▶ _What the task asks_
Pictures aside, every line of the listing should be given again exactly.

▶ _Information provided_
##########

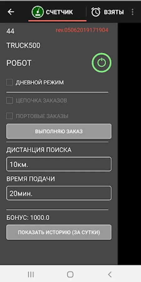 Taxigruzoff Driver - This is an automatic taximeter that calculates your freight traffic, and also helps you regularly receive the most profitable orders, both in automatic mode (robot function) and in manual mode.
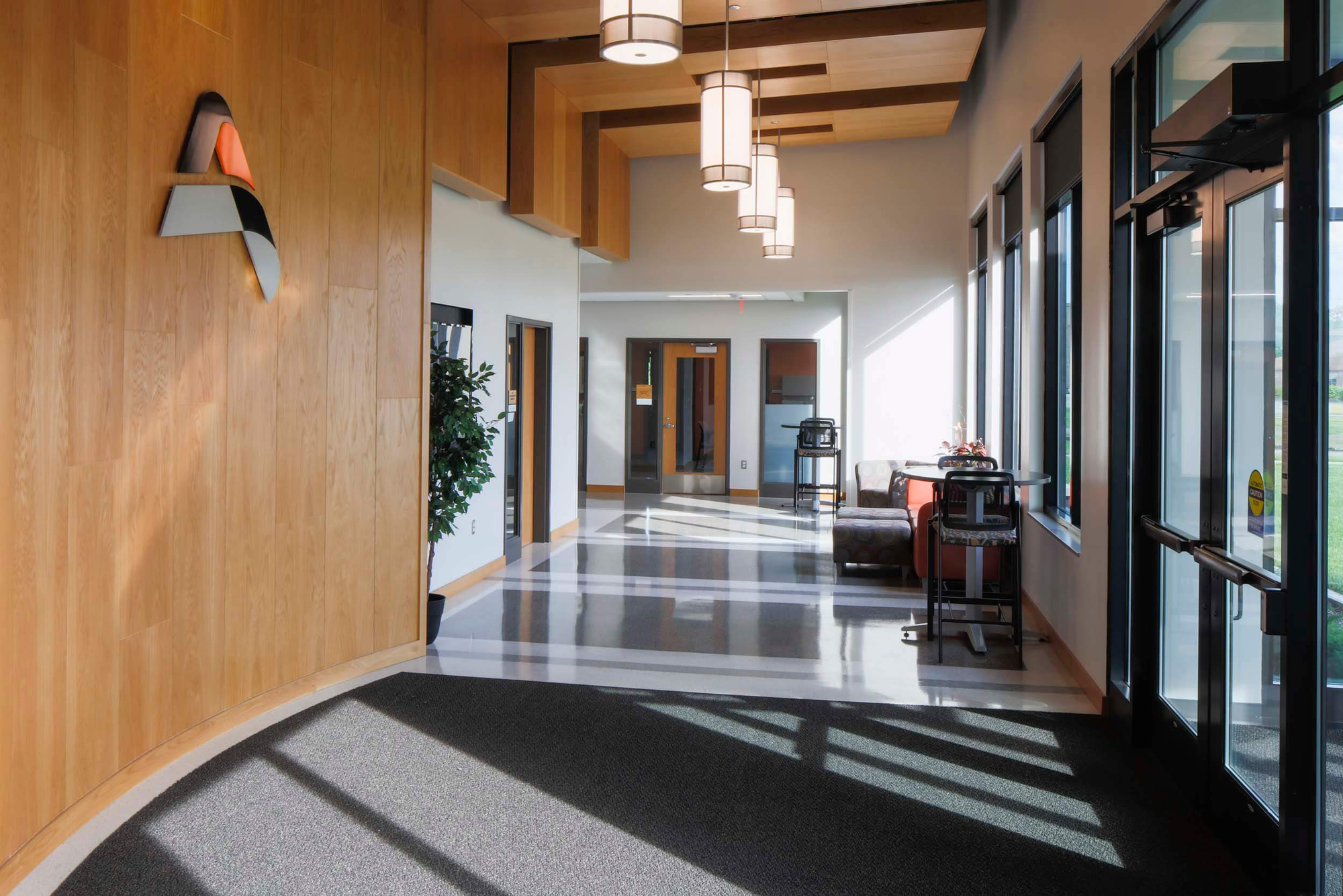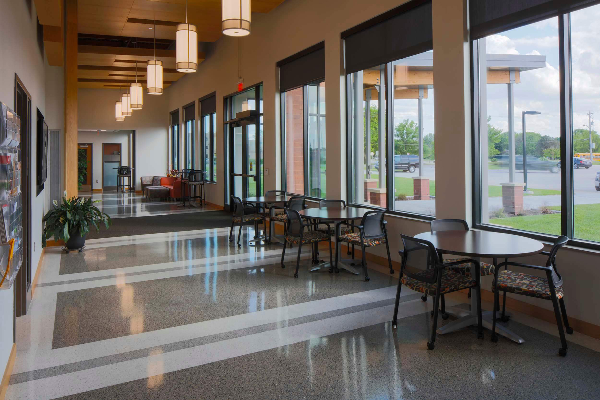 It was the desire of the administrative team and the school board to design a building that was sensitive to the built environment of the adjacent neighborhood. The administration building is placed parallel to the railroad tracks to make the site open and inviting. Choosing a material palette that reflects materials of the neighborhood maintains a design connection to the adjacent houses and buildings.
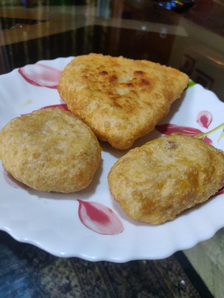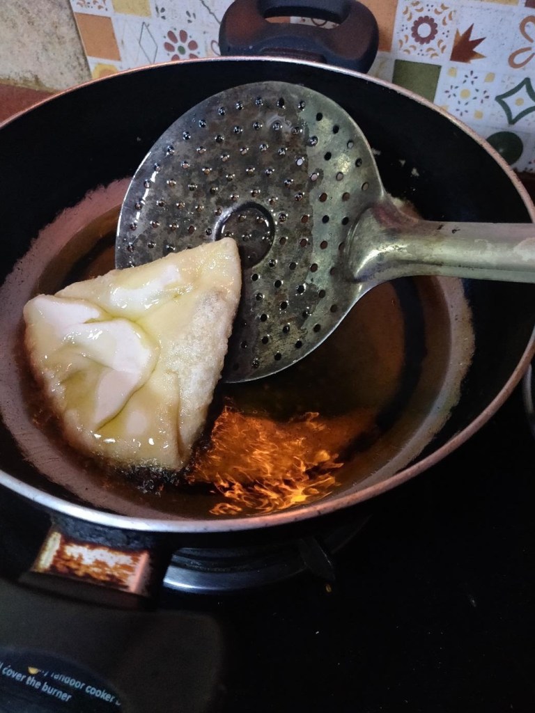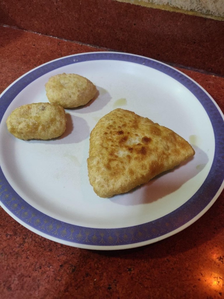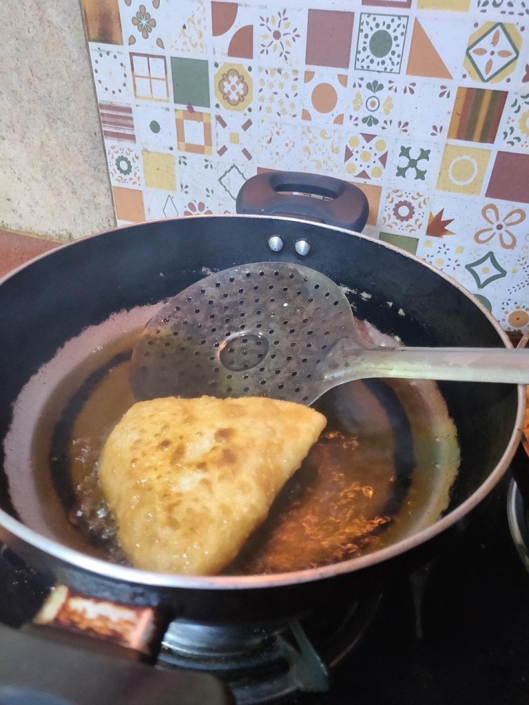 Ingredients: 1 bowl of refined wheat flour, Oil for deep frying – 2 bowls (this shall be all not used, just a dip in oil would be needed, all oil won’t be used, so relax), and 1 spoon of black pepper and raw red chilli-1 + the filling of Puff you like—I took lentils as filling.
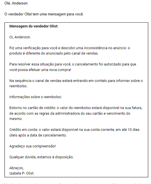 Mensagem do vendedor Olist:Olá,O produto que você adquiriu foi anunciado de forma equivocada. Trata-se de erro grosseiro e de fácil percepção quanto ao preço do produto, pois o valor não condiz com o preço médio de mercado nem com o custo mínimo.Sentimos muito pelo ocorrido.O cancelamento e ressarcimento dos valores pagos já foram aprovados. Na sequência o canal de vendas estará entrando em contato para informar sobre o reembolso.Agradecemos a sua compreensão!Atenciosamente,Olist

##########

▶ _Task answer_
 Taxigruzoff Driver - This is an automatic taximeter that calculates your freight traffic, and also helps you regularly receive the most profitable orders, both in automatic mode (robot function) and in manual mode.
 It was the desire of the administrative team and the school board to design a building that was sensitive to the built environment of the adjacent neighborhood. The administration building is placed parallel to the railroad tracks to make the site open and inviting. Choosing a material palette that reflects materials of the neighborhood maintains a design connection to the adjacent houses and buildings.
 Ingredients: 1 bowl of refined wheat flour, Oil for deep frying – 2 bowls (this shall be all not used, just a dip in oil would be needed, all oil won’t be used, so relax), and 1 spoon of black pepper and raw red chilli-1 + the filling of Puff you like—I took lentils as filling.
 Mensagem do vendedor Olist:Olá,O produto que você adquiriu foi anunciado de forma equivocada. Trata-se de erro grosseiro e de fácil percepção quanto ao preço do produto, pois o valor não condiz com o preço médio de mercado nem com o custo mínimo.Sentimos muito pelo ocorrido.O cancelamento e ressarcimento dos valores pagos já foram aprovados. Na sequência o canal de vendas estará entrando em contato para informar sobre o reembolso.Agradecemos a sua compreensão!Atenciosamente,Olist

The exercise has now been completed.